WHAT IS REQUIRED:
In the listing below, locate the line containing "Hélène a tout" and the line containing "11dílný zahradní sedací". Output both of them and every line between, exactly as written, and nothing more.

RECORDS FOR THIS EXERCISE:
########

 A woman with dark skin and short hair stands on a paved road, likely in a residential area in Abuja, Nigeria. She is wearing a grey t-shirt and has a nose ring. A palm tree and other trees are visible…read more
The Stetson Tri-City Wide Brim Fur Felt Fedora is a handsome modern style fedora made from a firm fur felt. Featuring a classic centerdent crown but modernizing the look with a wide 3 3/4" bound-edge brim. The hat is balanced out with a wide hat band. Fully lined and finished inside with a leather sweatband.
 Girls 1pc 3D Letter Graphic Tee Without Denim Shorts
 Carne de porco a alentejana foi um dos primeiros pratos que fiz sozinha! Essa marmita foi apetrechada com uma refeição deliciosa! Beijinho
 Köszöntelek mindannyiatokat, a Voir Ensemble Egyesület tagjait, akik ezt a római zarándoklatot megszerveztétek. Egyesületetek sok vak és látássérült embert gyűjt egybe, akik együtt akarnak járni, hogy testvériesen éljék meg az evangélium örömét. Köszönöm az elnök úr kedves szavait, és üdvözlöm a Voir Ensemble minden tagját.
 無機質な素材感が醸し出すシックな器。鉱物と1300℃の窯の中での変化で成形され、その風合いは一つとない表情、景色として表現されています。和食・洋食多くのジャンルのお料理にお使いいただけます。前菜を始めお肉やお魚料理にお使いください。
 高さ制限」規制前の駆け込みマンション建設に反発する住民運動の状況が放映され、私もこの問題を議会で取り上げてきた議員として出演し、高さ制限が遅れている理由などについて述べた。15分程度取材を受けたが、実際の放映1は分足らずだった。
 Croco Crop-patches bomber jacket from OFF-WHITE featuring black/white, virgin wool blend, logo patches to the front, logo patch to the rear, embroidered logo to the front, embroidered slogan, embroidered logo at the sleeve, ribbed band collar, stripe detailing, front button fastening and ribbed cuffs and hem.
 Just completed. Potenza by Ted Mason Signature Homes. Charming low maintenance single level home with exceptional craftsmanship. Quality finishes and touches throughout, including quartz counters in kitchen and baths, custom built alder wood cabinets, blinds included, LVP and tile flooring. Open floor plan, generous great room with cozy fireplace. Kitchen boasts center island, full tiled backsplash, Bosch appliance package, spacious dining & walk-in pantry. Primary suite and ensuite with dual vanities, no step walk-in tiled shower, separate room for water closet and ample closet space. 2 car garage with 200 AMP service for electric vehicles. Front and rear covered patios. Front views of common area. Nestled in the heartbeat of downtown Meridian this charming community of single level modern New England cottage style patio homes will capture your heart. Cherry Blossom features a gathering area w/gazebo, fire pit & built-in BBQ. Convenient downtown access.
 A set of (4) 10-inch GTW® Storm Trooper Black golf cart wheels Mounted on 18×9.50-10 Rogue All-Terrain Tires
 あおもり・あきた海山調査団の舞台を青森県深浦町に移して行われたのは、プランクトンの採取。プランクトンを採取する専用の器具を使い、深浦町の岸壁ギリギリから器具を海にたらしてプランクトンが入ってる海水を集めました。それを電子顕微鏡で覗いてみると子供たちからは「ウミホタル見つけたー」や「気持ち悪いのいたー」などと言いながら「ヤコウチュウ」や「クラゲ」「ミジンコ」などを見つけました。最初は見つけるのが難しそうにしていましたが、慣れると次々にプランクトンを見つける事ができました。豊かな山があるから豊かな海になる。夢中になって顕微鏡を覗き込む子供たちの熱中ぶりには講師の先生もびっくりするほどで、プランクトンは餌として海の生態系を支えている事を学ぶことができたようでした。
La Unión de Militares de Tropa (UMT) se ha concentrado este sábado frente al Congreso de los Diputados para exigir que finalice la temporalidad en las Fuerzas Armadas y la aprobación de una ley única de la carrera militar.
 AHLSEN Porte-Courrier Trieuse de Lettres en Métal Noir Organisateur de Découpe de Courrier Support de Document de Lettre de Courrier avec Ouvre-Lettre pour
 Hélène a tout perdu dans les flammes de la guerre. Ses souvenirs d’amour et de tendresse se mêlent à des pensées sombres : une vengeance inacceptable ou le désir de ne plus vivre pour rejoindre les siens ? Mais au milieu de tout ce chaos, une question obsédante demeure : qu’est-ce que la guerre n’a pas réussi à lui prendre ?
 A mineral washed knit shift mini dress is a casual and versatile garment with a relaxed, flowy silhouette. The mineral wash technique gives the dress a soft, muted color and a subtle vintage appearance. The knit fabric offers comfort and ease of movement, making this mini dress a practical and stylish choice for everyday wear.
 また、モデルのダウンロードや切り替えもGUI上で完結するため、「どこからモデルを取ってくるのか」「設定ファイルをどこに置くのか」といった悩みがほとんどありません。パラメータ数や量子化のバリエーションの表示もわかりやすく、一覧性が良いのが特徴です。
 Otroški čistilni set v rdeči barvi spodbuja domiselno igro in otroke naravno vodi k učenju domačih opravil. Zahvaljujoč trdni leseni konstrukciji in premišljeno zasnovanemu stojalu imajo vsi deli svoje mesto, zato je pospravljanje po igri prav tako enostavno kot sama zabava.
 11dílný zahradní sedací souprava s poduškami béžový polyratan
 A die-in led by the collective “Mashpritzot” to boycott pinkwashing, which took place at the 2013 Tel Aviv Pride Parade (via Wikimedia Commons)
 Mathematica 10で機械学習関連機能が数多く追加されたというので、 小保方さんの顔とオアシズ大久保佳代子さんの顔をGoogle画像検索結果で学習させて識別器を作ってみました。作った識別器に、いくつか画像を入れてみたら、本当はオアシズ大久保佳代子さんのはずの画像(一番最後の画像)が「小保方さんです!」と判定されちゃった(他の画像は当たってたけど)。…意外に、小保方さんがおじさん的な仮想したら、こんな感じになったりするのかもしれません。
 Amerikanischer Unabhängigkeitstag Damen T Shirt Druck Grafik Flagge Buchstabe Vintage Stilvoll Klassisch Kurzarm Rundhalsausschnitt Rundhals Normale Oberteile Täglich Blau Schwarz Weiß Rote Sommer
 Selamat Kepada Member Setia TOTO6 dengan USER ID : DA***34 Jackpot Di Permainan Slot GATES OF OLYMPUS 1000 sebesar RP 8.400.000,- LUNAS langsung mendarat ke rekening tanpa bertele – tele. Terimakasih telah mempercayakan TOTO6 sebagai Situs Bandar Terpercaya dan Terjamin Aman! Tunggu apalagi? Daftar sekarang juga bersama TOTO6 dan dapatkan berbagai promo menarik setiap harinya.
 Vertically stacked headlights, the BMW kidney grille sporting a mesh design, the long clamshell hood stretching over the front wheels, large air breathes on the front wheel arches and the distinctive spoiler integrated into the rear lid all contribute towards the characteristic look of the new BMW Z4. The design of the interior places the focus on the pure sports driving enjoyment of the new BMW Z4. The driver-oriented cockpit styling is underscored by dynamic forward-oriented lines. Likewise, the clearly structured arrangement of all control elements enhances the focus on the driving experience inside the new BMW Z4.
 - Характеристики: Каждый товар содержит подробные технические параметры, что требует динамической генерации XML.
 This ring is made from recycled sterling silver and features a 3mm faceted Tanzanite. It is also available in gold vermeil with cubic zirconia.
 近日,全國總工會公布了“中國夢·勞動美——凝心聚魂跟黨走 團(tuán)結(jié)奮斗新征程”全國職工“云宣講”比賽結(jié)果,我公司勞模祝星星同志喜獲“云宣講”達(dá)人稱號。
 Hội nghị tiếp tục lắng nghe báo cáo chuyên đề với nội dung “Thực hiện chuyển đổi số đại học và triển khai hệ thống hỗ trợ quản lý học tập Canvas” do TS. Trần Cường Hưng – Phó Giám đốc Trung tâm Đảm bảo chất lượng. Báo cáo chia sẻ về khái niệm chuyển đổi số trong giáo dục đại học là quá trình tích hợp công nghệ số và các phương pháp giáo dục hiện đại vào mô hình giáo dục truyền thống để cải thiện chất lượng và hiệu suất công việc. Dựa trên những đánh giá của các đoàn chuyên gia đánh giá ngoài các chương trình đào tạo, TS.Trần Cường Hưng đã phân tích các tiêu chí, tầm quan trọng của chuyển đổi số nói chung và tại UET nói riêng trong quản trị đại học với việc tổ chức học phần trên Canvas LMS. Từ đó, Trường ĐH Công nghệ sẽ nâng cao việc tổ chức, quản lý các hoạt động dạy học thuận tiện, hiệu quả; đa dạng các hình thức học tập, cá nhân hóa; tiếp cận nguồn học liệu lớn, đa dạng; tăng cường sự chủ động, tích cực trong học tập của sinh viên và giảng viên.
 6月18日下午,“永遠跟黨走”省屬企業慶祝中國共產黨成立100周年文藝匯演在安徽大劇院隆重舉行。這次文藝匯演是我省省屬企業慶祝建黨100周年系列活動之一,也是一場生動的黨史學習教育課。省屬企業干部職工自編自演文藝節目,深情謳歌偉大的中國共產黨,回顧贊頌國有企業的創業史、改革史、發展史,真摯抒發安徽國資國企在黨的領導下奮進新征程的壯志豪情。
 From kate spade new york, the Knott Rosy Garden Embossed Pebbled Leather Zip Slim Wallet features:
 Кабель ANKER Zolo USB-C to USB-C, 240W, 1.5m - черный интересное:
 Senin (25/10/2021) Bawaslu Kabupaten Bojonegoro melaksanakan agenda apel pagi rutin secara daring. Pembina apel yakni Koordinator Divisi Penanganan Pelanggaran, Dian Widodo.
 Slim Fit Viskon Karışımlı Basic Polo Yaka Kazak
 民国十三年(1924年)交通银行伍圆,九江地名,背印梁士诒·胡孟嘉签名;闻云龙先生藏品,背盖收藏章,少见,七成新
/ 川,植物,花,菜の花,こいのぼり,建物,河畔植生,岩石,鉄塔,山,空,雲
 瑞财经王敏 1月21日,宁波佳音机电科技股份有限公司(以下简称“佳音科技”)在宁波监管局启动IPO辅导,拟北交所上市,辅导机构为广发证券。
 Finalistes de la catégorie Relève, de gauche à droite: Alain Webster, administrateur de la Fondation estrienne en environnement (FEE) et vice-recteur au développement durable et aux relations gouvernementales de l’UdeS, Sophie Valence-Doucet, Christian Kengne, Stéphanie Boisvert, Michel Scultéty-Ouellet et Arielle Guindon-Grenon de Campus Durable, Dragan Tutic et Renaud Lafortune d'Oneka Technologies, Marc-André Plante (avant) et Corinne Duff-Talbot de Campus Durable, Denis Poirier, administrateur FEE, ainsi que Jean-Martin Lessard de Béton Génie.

########

ANSWER SECTION:
 Hélène a tout perdu dans les flammes de la guerre. Ses souvenirs d’amour et de tendresse se mêlent à des pensées sombres : une vengeance inacceptable ou le désir de ne plus vivre pour rejoindre les siens ? Mais au milieu de tout ce chaos, une question obsédante demeure : qu’est-ce que la guerre n’a pas réussi à lui prendre ?
 A mineral washed knit shift mini dress is a casual and versatile garment with a relaxed, flowy silhouette. The mineral wash technique gives the dress a soft, muted color and a subtle vintage appearance. The knit fabric offers comfort and ease of movement, making this mini dress a practical and stylish choice for everyday wear.
 また、モデルのダウンロードや切り替えもGUI上で完結するため、「どこからモデルを取ってくるのか」「設定ファイルをどこに置くのか」といった悩みがほとんどありません。パラメータ数や量子化のバリエーションの表示もわかりやすく、一覧性が良いのが特徴です。
 Otroški čistilni set v rdeči barvi spodbuja domiselno igro in otroke naravno vodi k učenju domačih opravil. Zahvaljujoč trdni leseni konstrukciji in premišljeno zasnovanemu stojalu imajo vsi deli svoje mesto, zato je pospravljanje po igri prav tako enostavno kot sama zabava.
 11dílný zahradní sedací souprava s poduškami béžový polyratan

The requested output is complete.